◆ **Action item**: Find the "Title: Saint Lawrence" line in the records below and repeat it and every later line exactly, up to the last; do not include pictures.
BEGIN Data extract
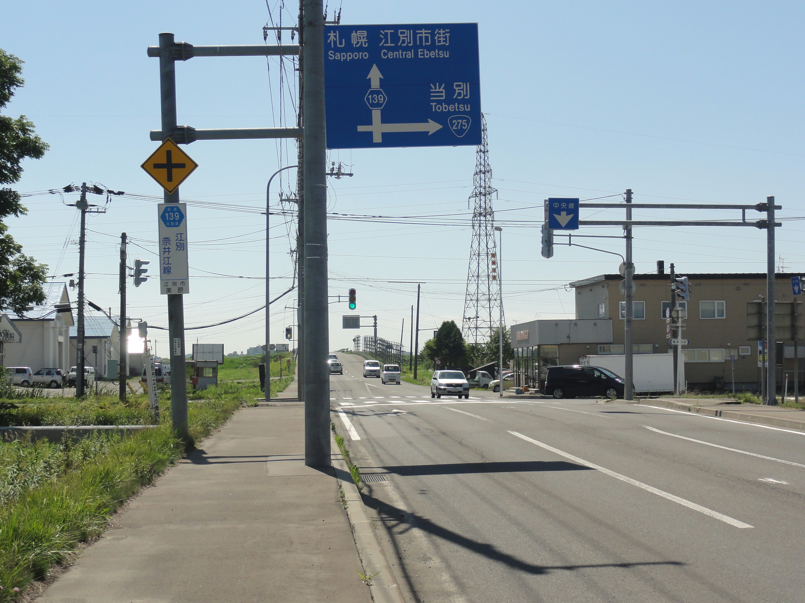 The Hokkaido Prefectural Road Route 139 in Ebetsu City
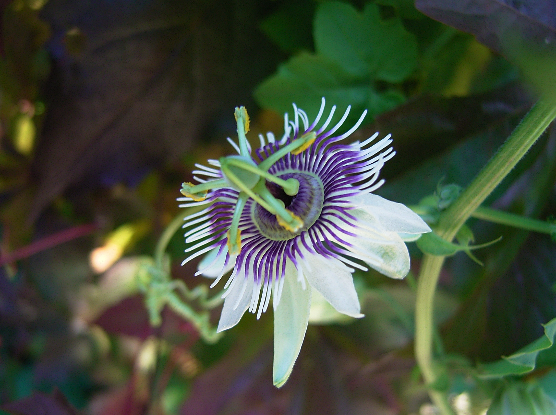 Passiflora morifolia, Flower
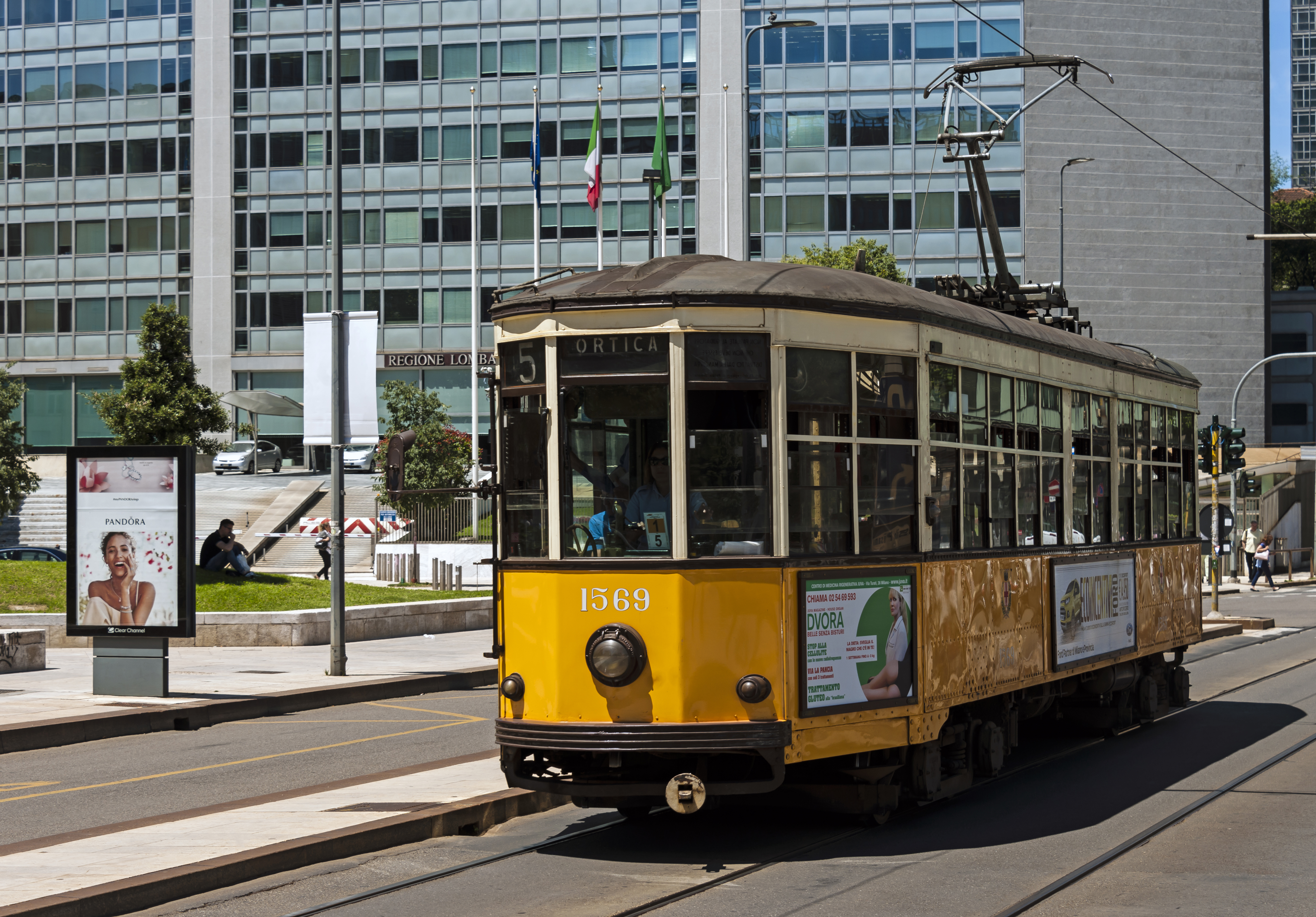 An ATM 1500 tram on the south side of the Piazza Duca d'Aosta, Milan.
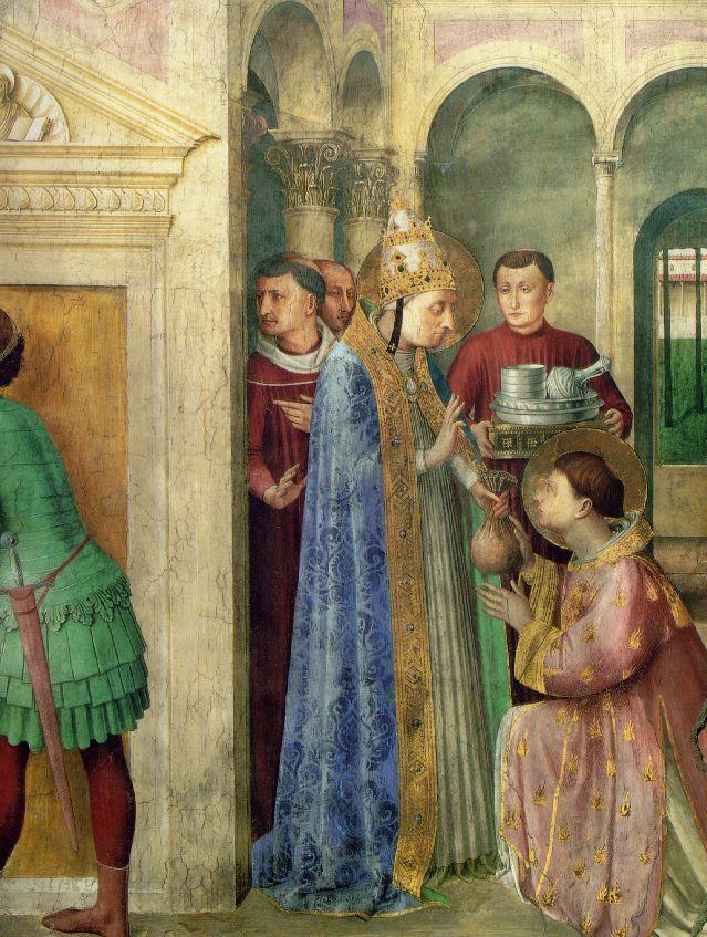 Title: Saint Lawrence Receiving the Treasures of the Church from Pope Sixtus II Artist: Angelico, Fra (1395-1455)
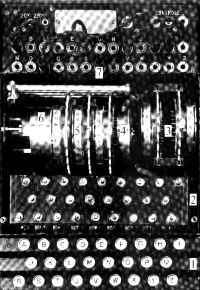 Polish copy of Enigma made by Biuro Szyfrow
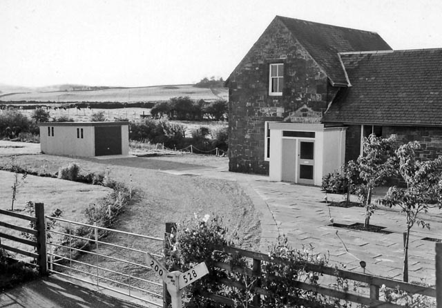 Bridge of Dee Station (converted). View NW of former station on the Castle Douglas (to right) - Kirkcudbright (to left) line, closed to passengers 3/5/65, completely 14/6/65. Note the preserved gradient-post in foreground.
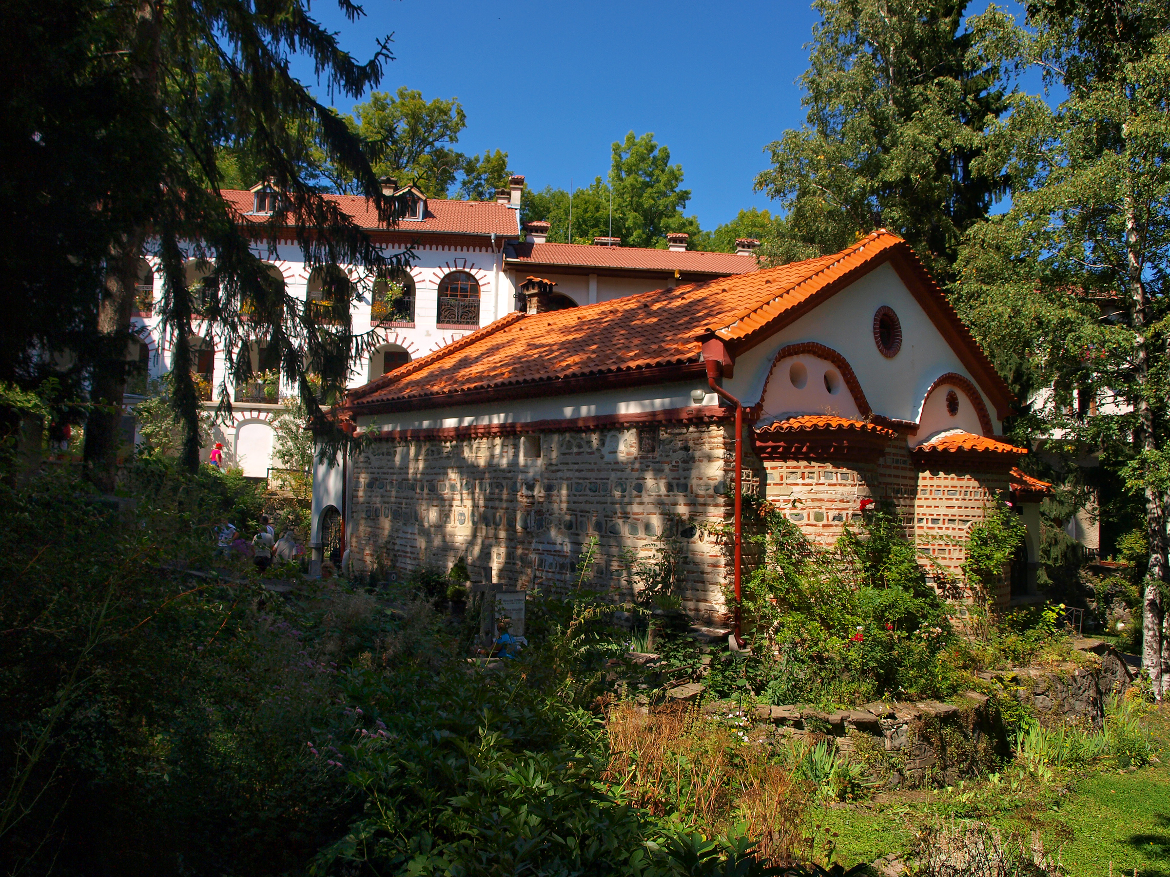 Main church of the Dragalevtsi Monastery: apse/side view
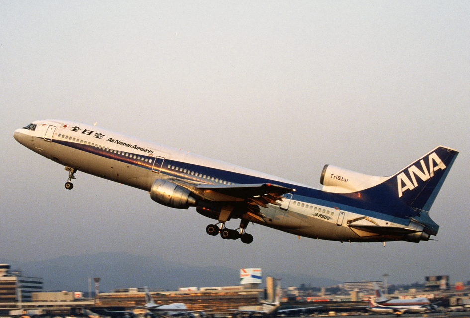 All Nippon Airways Lockheed TriStar L-1011(JA8508) at Osaka International Airport
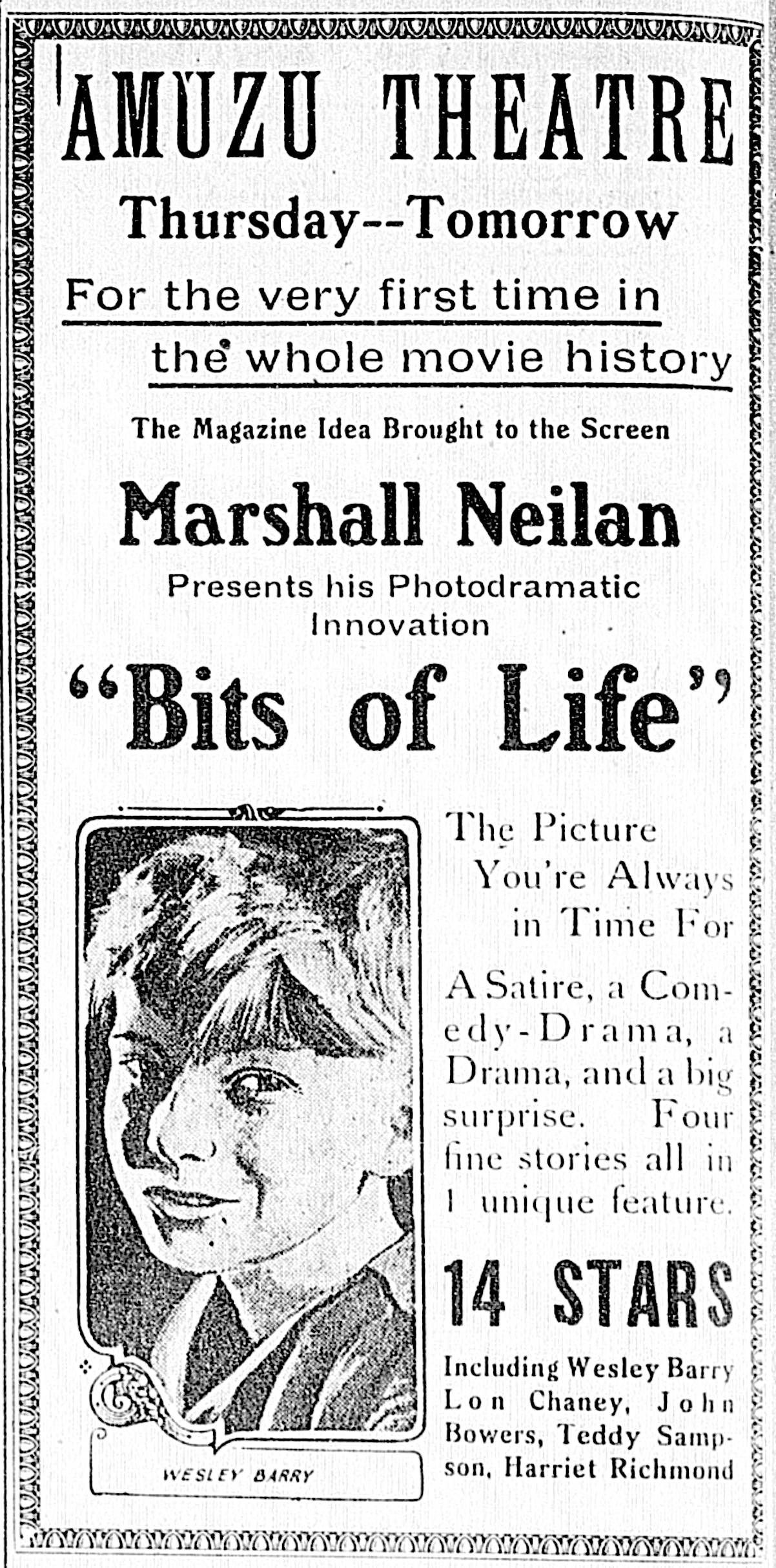 Bits of Life is a 1921 American drama film produced, written, and directed by Marshall Neilan. This is an advert for the film.
END Data extract
◆ **Solution below**:
 Title: Saint Lawrence Receiving the Treasures of the Church from Pope Sixtus II Artist: Angelico, Fra (1395-1455)
 Polish copy of Enigma made by Biuro Szyfrow
 Bridge of Dee Station (converted). View NW of former station on the Castle Douglas (to right) - Kirkcudbright (to left) line, closed to passengers 3/5/65, completely 14/6/65. Note the preserved gradient-post in foreground.
 Main church of the Dragalevtsi Monastery: apse/side view
 All Nippon Airways Lockheed TriStar L-1011(JA8508) at Osaka International Airport
 Bits of Life is a 1921 American drama film produced, written, and directed by Marshall Neilan. This is an advert for the film.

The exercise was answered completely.